### WORK ORDER
If pictures appear in the lines below, skip them and copy exactly the lines from the one containing "Bei Homematic muss" through the one containing "Top com alças", and nothing else.
───── MATERIAL TO PROCESS ─────
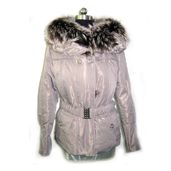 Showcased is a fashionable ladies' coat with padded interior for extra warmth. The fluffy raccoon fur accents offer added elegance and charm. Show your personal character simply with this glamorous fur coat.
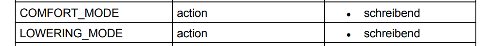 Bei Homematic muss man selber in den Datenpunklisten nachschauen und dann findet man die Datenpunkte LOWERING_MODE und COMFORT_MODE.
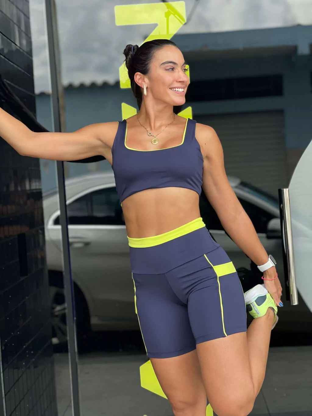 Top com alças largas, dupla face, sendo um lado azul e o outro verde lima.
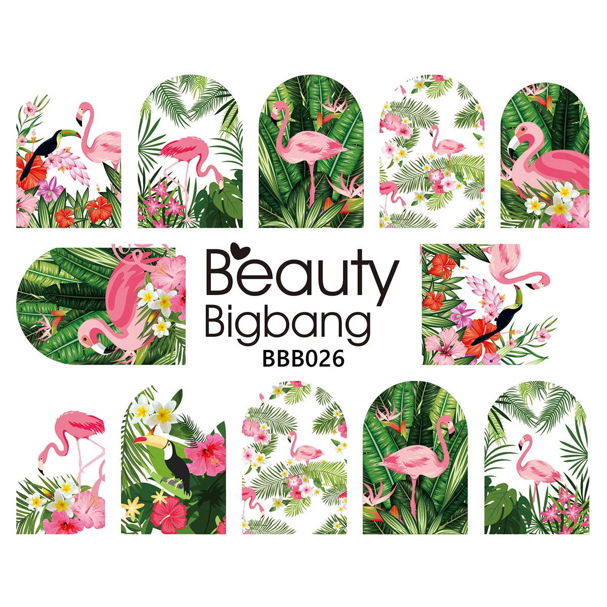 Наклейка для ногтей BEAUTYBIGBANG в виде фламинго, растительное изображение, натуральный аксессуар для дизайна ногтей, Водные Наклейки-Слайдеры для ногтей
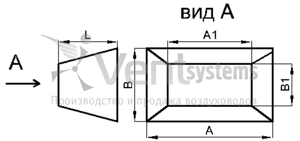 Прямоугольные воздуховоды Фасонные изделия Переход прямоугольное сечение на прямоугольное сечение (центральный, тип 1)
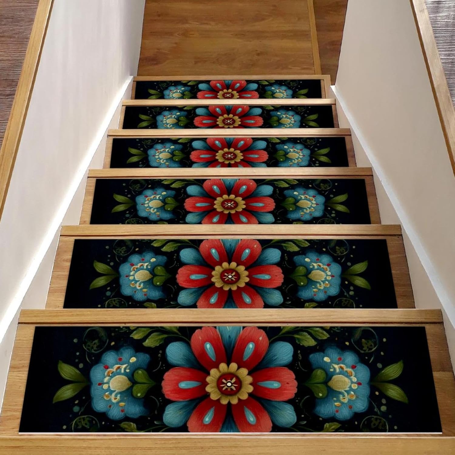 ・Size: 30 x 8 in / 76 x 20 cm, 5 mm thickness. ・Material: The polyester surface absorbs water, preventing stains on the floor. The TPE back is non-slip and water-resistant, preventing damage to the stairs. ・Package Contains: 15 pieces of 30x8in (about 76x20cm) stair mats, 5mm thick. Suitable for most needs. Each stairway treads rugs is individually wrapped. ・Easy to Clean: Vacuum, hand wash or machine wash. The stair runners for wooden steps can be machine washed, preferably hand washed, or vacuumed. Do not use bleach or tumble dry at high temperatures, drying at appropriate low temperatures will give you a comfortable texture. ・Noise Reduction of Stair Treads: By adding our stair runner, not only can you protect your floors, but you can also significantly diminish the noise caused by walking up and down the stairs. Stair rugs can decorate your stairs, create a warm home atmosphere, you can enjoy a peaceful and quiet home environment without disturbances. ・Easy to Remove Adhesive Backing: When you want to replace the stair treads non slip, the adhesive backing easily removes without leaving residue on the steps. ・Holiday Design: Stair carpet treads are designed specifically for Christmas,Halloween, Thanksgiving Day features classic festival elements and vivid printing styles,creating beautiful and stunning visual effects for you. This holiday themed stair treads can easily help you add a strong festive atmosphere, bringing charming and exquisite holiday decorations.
─────
───── MATERIAL TO PROCESS ─────
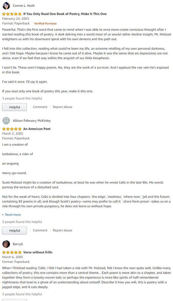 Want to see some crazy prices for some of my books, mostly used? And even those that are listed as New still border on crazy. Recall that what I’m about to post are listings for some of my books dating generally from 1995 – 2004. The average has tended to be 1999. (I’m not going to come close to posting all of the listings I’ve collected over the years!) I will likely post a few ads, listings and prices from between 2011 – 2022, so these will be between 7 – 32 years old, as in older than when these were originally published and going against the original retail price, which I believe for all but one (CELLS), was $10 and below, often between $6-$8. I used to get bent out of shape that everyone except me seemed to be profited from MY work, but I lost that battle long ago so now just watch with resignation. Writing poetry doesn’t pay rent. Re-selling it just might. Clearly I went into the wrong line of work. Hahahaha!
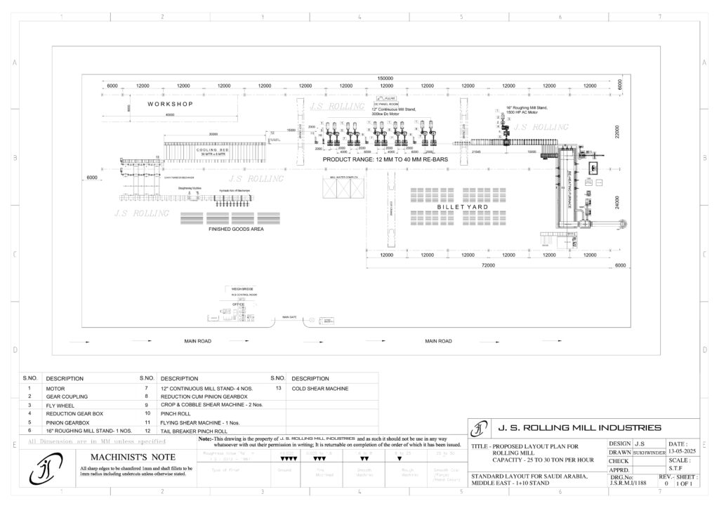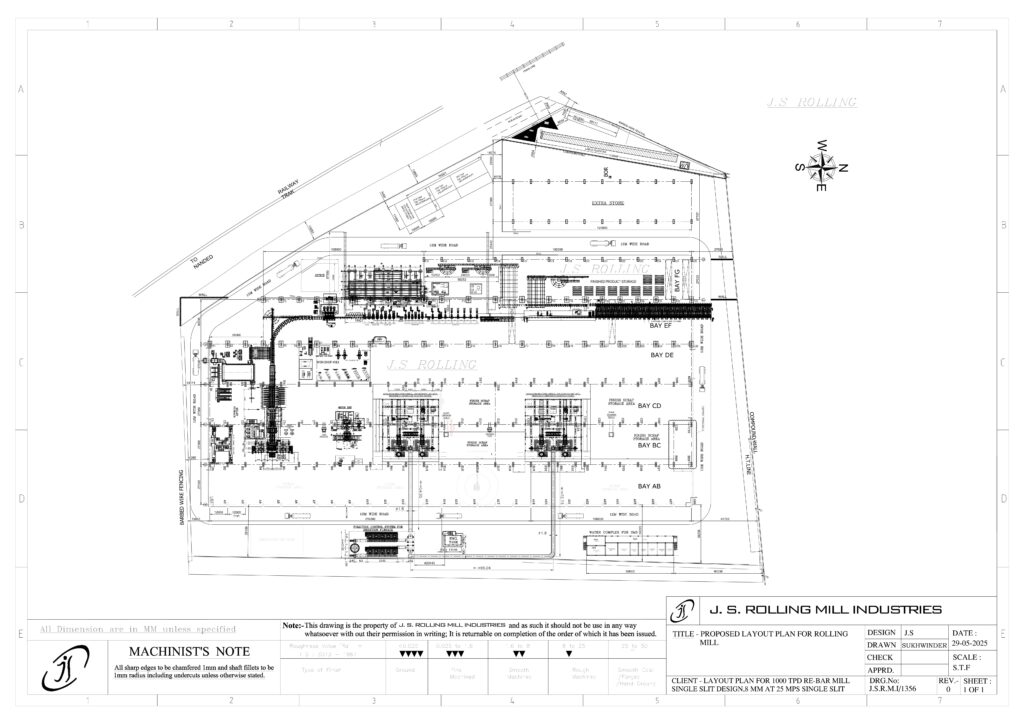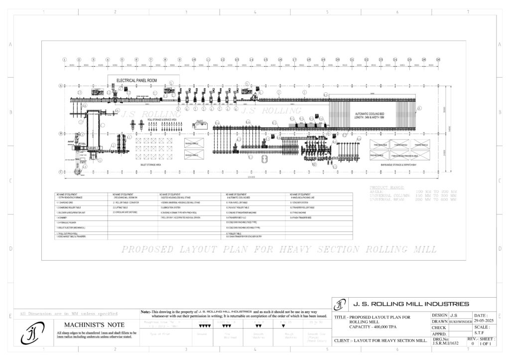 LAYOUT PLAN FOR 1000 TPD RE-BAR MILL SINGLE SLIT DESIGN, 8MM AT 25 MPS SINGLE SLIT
─────
───── MATERIAL TO PROCESS ─────
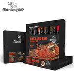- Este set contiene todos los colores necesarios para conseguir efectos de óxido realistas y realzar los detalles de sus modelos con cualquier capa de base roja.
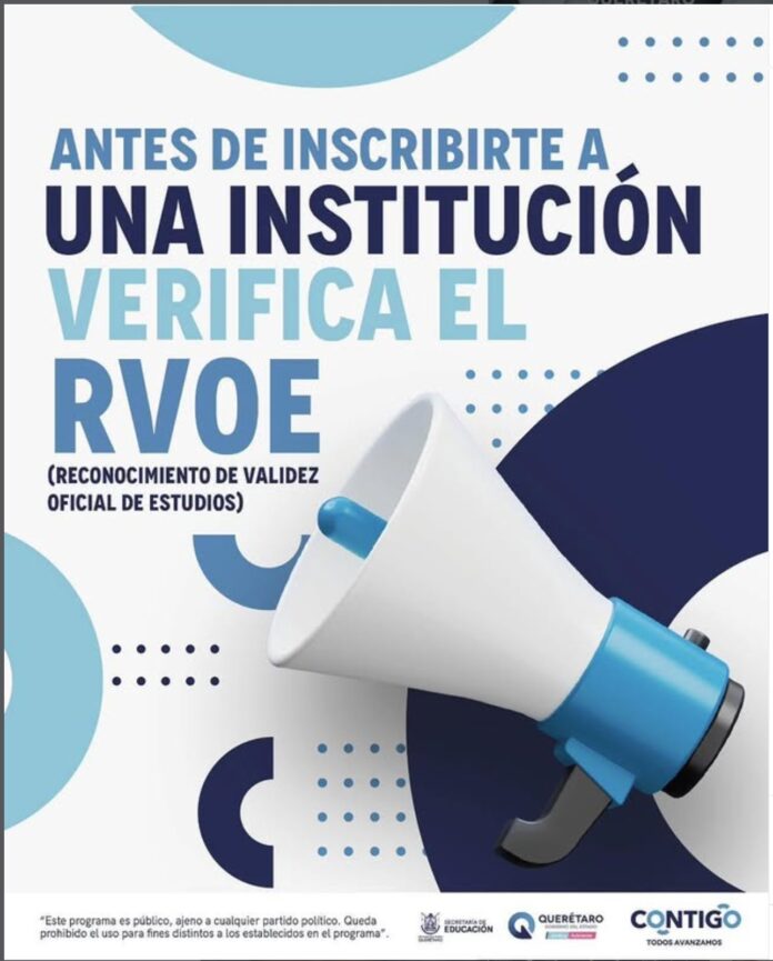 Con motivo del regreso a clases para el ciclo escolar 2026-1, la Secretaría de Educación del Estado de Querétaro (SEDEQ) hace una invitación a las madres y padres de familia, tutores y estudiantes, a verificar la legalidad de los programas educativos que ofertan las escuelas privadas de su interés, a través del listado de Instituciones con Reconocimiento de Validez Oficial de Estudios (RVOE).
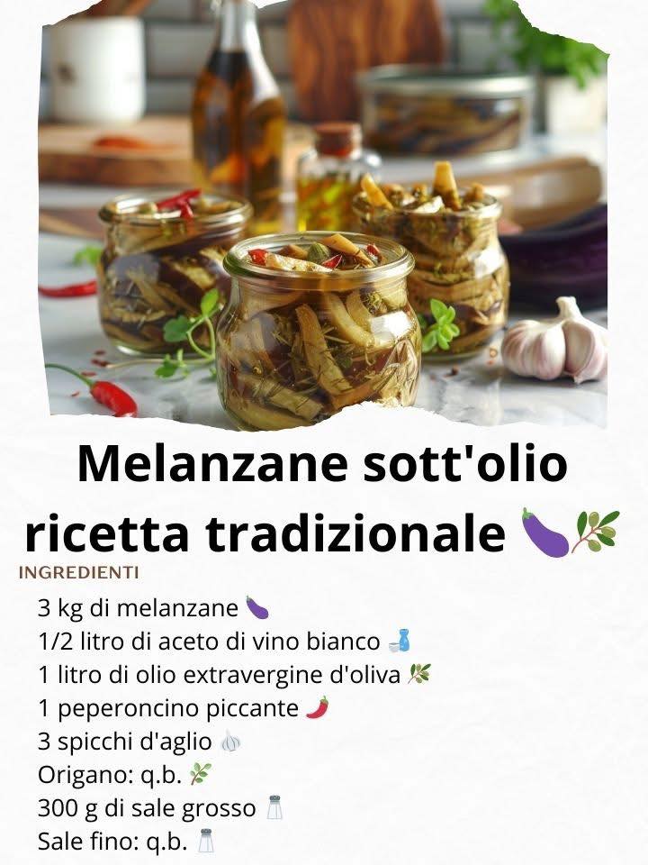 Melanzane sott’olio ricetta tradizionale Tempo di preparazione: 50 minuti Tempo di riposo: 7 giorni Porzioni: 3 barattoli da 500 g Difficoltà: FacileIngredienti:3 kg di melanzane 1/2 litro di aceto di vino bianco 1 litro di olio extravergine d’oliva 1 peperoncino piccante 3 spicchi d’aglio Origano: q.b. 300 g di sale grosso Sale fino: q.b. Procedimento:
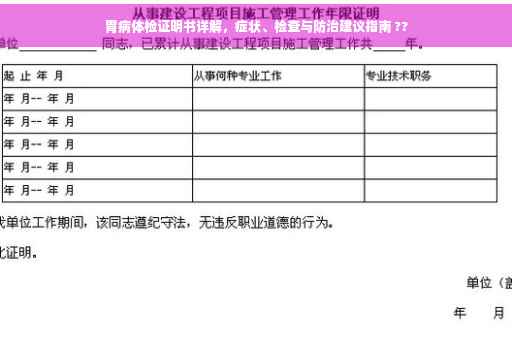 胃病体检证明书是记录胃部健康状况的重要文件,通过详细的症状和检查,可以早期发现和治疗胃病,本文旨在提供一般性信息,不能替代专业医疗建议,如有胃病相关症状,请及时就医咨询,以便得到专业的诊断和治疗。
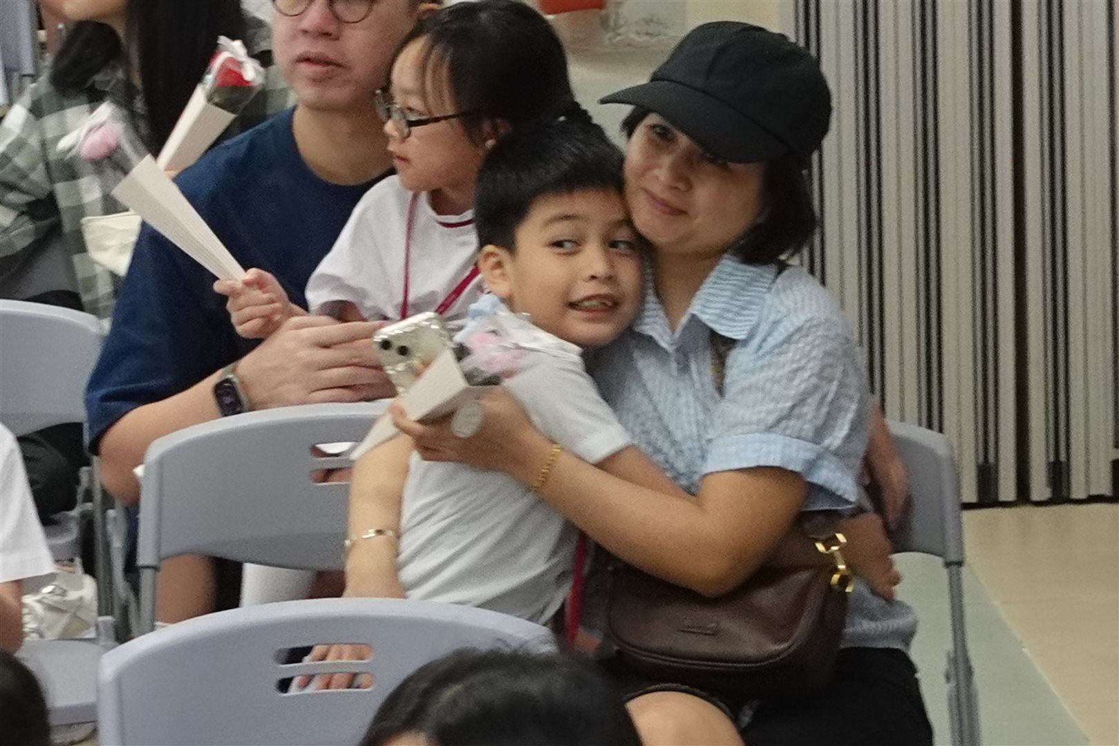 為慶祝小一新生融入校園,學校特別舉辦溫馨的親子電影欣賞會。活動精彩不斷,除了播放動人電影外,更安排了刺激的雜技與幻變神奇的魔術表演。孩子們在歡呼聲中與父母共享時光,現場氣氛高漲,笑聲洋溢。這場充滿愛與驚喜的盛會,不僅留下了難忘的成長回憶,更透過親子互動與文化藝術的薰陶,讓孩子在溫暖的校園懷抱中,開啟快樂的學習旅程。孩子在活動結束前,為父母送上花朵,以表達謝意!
─────
### TASK RESULT
 Bei Homematic muss man selber in den Datenpunklisten nachschauen und dann findet man die Datenpunkte LOWERING_MODE und COMFORT_MODE.
 Top com alças largas, dupla face, sendo um lado azul e o outro verde lima.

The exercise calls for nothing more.